- [Required work] Pictures aside, return every line below exactly as written.

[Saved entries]
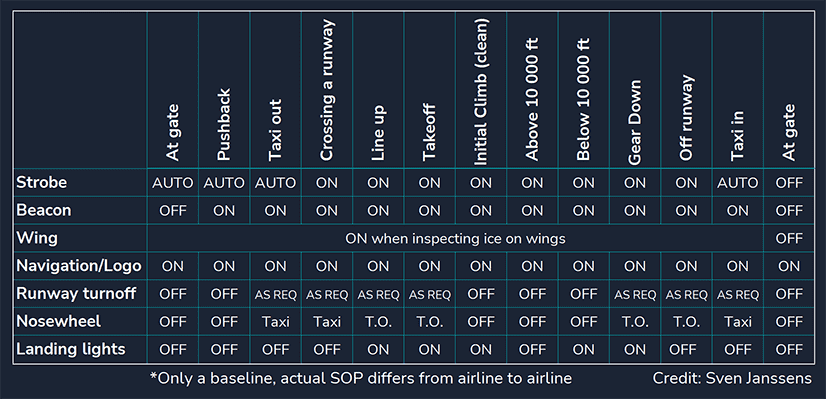 • Taxi and takeoff lights off.
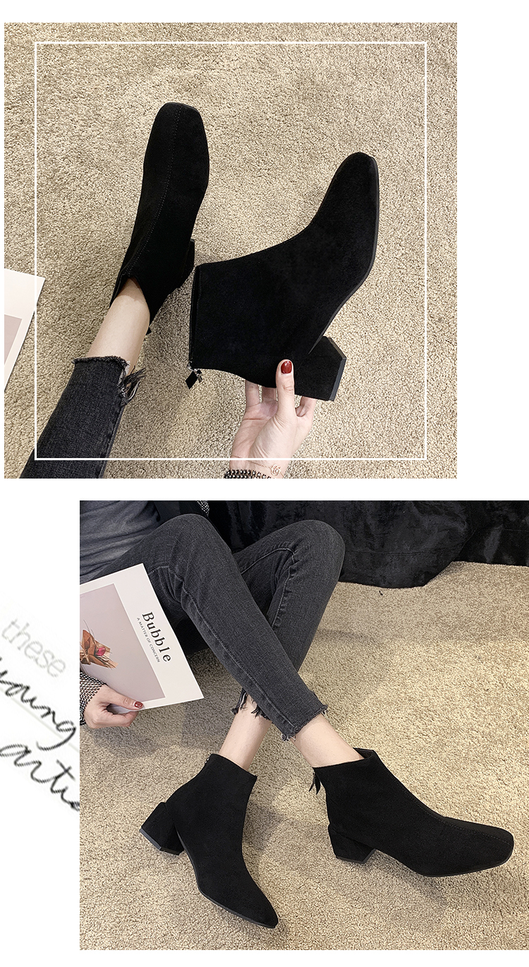马丁靴女英伦风后拉链粗跟秋高跟方头百搭瘦瘦短靴女靴子冬季加绒
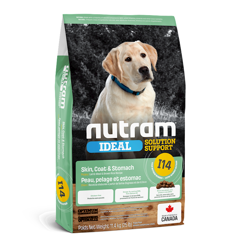 I14 Nutram Ideal Solution Support Skin, Coat and Stomach Dog Food is a holistic, multi-beneficial, and nutrient-rich recipe that improves your pet’s wellness from the inside-out. Nutram's holistic approach starts with digestion through a special combination of easy to digest wholesome proteins, such as real lamb, which combined with pumpkin, a great fiber source, promotes the optimal environment for sensitive stomachs. Nutram's Optimum Combinations also offer flaxseed and salmon oil, rich sources of omega-3 fatty acids, support the normal cognitive development in your young pet. You can be confident that your pet’s food is healing, wholesome and the ideal nutritional choice.
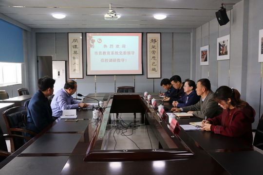 3月19日上午,市直教育系统党委专职副书记胡建军、党委办主任庄映峰莅临我校调研党建工作,我校校长、党委副书记陈雅芳,党委副书记陈雄华以及相关部门负责人参加调研会。
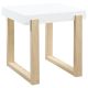 This modern end table combines a whimsical design with cheerfully bright hues. Its thick, square white high-gloss tabletop adds a minimalist aesthetic while resting on a double U-shaped base in a light natural finish. The base showcases subtle wood grain patterns, providing a charming contrast. Perfect for compact spaces,...
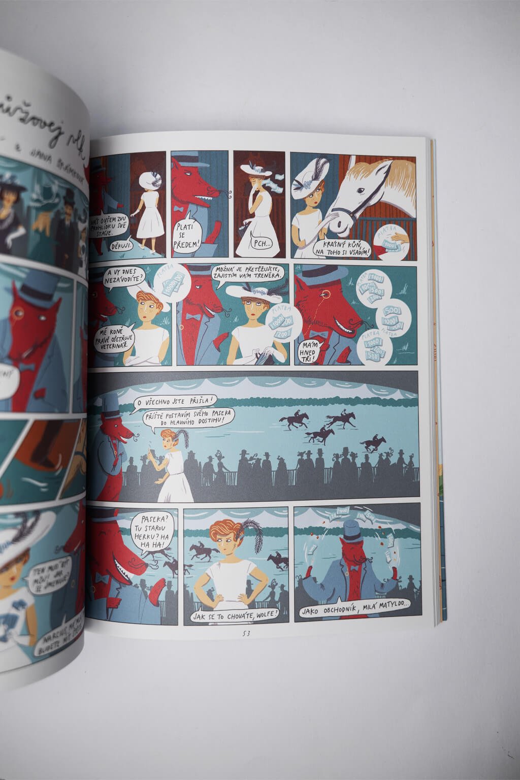 Matylda je holka jako každá jiná. Teda skoro – má totiž doma Růžovýho Vlka, co mluví, bydlí na hausbótu a miluje chlebíčky. V tomhle parťáctví není nouze o akci, humor ani zvláštní dobrodružství: piráti, filmový festival, kanály i polární vlčice. Komiksový příběh plný fantazie a přátelství vychází poprvé celý v knižní podobě – včetně bonusu o tom, jak to všechno začalo.
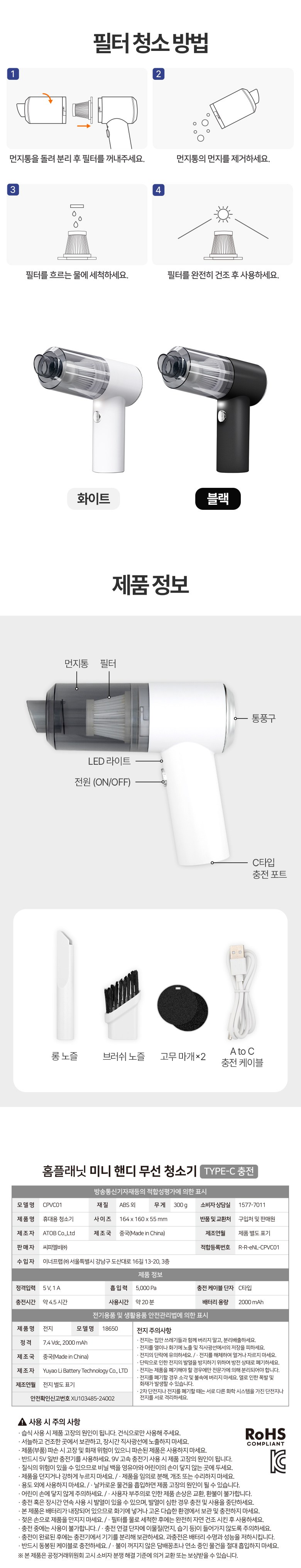 | 품명 및 모델명 | 홈플래닛 휴대용 미니 핸디 무선청소기 가정/차량용 (Type-C 충전) / CPVC01 | KC 인증정보 | 본품: R-R-eNL-CPVC01 / 전지: XU103485-24002 |
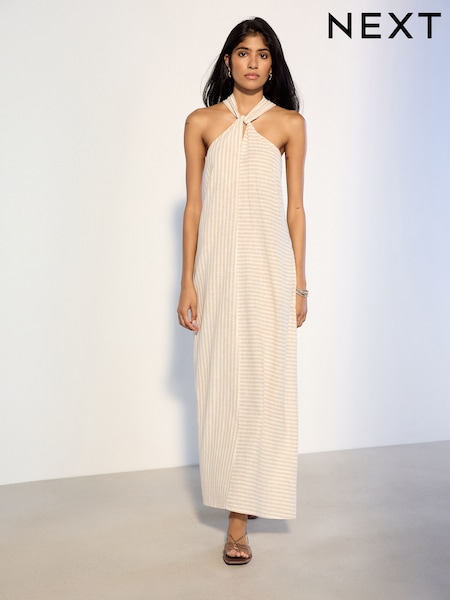 Neutral Stripe Halter Twist Neck Midi Dress
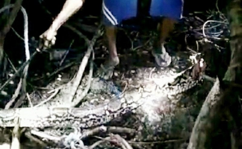 Ular piton ini didapati telah memangsa seekor kambing ternak milik warga.
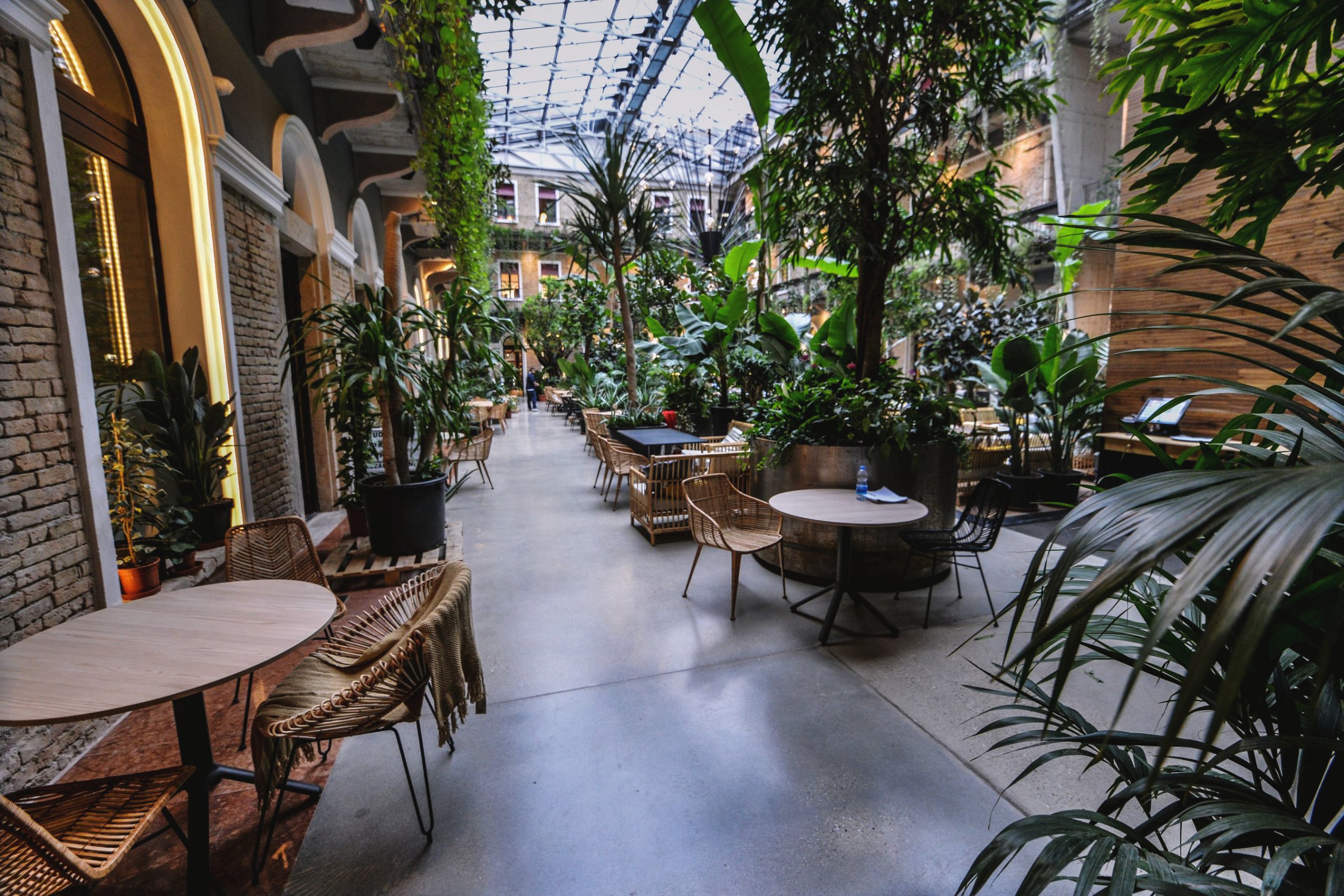 A budapesti Király utca számomra mindig a bulinegyedet jelentette: az évek során a pubok, kocsmák és a gyorsbüfék képeit társítottam hozzá. Szóval pár napja a mindfulness érzés valószínűleg az utolsó lett volna, ami eszembe jut róla – éppen ezért hatalmas élmény volt, amikor kedden reggel beléptem a 26-os szám kapuján. Megérkeztünk ugyanis a Twentysix 1800 négyzetméteres őserdőjébe, ahol 500 növény segítségével varázsolt mediterrán világot Budapestre Poisson-Angeli Barbara. „Sétáltam az utcán, és láttam, hogy kiadó ez a hely. Akkor még nem volt konkrét elképzelésem, de mivel már van egy burgerezőm, gondoltam rá, hogy más irányba is el kellene indulnom. Először a térbe szerettem bele, aztán eszembe jutott: mindig is arra vágytam, hogy legyen egy zöld hely, ahol meg lehet pihenni a városban. Ezt mediterrán országokban könnyedén megteheti az ember, de Magyarországon októbertől márciusig elég borongós az idő. Szerettem volna egy közösségi teret, ahol egy kicsit elvonulhatunk, ahol olyan érzésünk lehet, mintha nyaralnánk” – mesélte a Twentysix megálmodója. „Ehhez a ház tulajdonosa is nagy segítséget nyújtott, mert üzlettársként beszálltak a koncepcióba.”
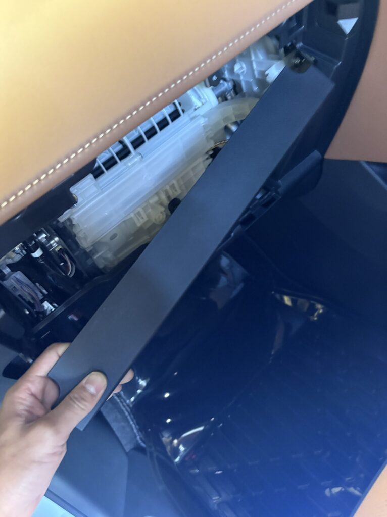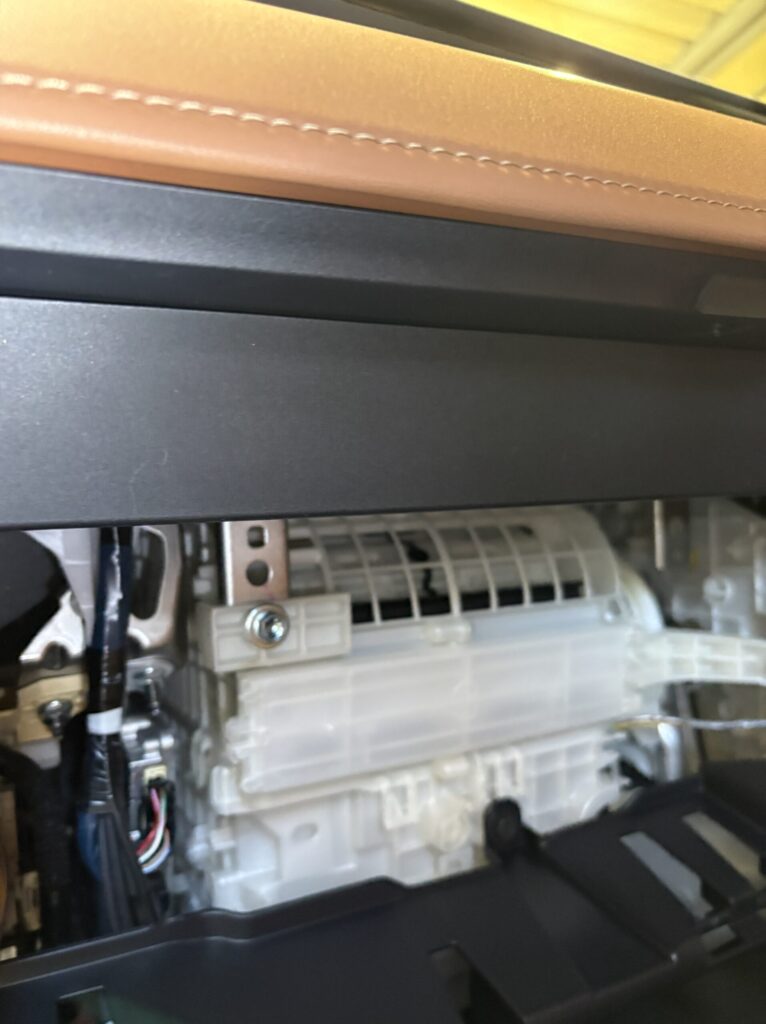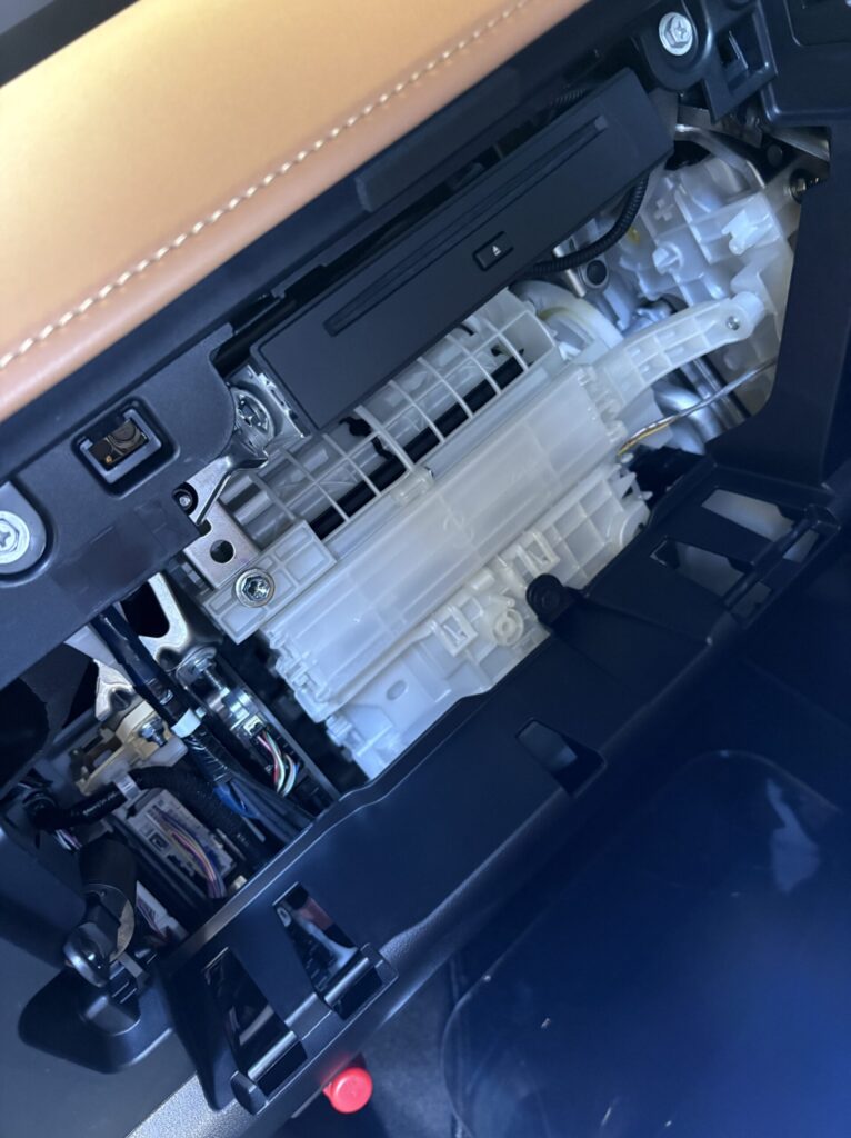 次にグローブボックスを外して行きます。(二人で同時作業をしてますのでサイドトリムがまだ外れていませんがご了承ください。)

- [Written solution]
 • Taxi and takeoff lights off.
马丁靴女英伦风后拉链粗跟秋高跟方头百搭瘦瘦短靴女靴子冬季加绒
 I14 Nutram Ideal Solution Support Skin, Coat and Stomach Dog Food is a holistic, multi-beneficial, and nutrient-rich recipe that improves your pet’s wellness from the inside-out. Nutram's holistic approach starts with digestion through a special combination of easy to digest wholesome proteins, such as real lamb, which combined with pumpkin, a great fiber source, promotes the optimal environment for sensitive stomachs. Nutram's Optimum Combinations also offer flaxseed and salmon oil, rich sources of omega-3 fatty acids, support the normal cognitive development in your young pet. You can be confident that your pet’s food is healing, wholesome and the ideal nutritional choice.
 3月19日上午,市直教育系统党委专职副书记胡建军、党委办主任庄映峰莅临我校调研党建工作,我校校长、党委副书记陈雅芳,党委副书记陈雄华以及相关部门负责人参加调研会。
 This modern end table combines a whimsical design with cheerfully bright hues. Its thick, square white high-gloss tabletop adds a minimalist aesthetic while resting on a double U-shaped base in a light natural finish. The base showcases subtle wood grain patterns, providing a charming contrast. Perfect for compact spaces,...
 Matylda je holka jako každá jiná. Teda skoro – má totiž doma Růžovýho Vlka, co mluví, bydlí na hausbótu a miluje chlebíčky. V tomhle parťáctví není nouze o akci, humor ani zvláštní dobrodružství: piráti, filmový festival, kanály i polární vlčice. Komiksový příběh plný fantazie a přátelství vychází poprvé celý v knižní podobě – včetně bonusu o tom, jak to všechno začalo.
 | 품명 및 모델명 | 홈플래닛 휴대용 미니 핸디 무선청소기 가정/차량용 (Type-C 충전) / CPVC01 | KC 인증정보 | 본품: R-R-eNL-CPVC01 / 전지: XU103485-24002 |
 Neutral Stripe Halter Twist Neck Midi Dress
 Ular piton ini didapati telah memangsa seekor kambing ternak milik warga.
 A budapesti Király utca számomra mindig a bulinegyedet jelentette: az évek során a pubok, kocsmák és a gyorsbüfék képeit társítottam hozzá. Szóval pár napja a mindfulness érzés valószínűleg az utolsó lett volna, ami eszembe jut róla – éppen ezért hatalmas élmény volt, amikor kedden reggel beléptem a 26-os szám kapuján. Megérkeztünk ugyanis a Twentysix 1800 négyzetméteres őserdőjébe, ahol 500 növény segítségével varázsolt mediterrán világot Budapestre Poisson-Angeli Barbara. „Sétáltam az utcán, és láttam, hogy kiadó ez a hely. Akkor még nem volt konkrét elképzelésem, de mivel már van egy burgerezőm, gondoltam rá, hogy más irányba is el kellene indulnom. Először a térbe szerettem bele, aztán eszembe jutott: mindig is arra vágytam, hogy legyen egy zöld hely, ahol meg lehet pihenni a városban. Ezt mediterrán országokban könnyedén megteheti az ember, de Magyarországon októbertől márciusig elég borongós az idő. Szerettem volna egy közösségi teret, ahol egy kicsit elvonulhatunk, ahol olyan érzésünk lehet, mintha nyaralnánk” – mesélte a Twentysix megálmodója. „Ehhez a ház tulajdonosa is nagy segítséget nyújtott, mert üzlettársként beszálltak a koncepcióba.”
 次にグローブボックスを外して行きます。(二人で同時作業をしてますのでサイドトリムがまだ外れていませんがご了承ください。)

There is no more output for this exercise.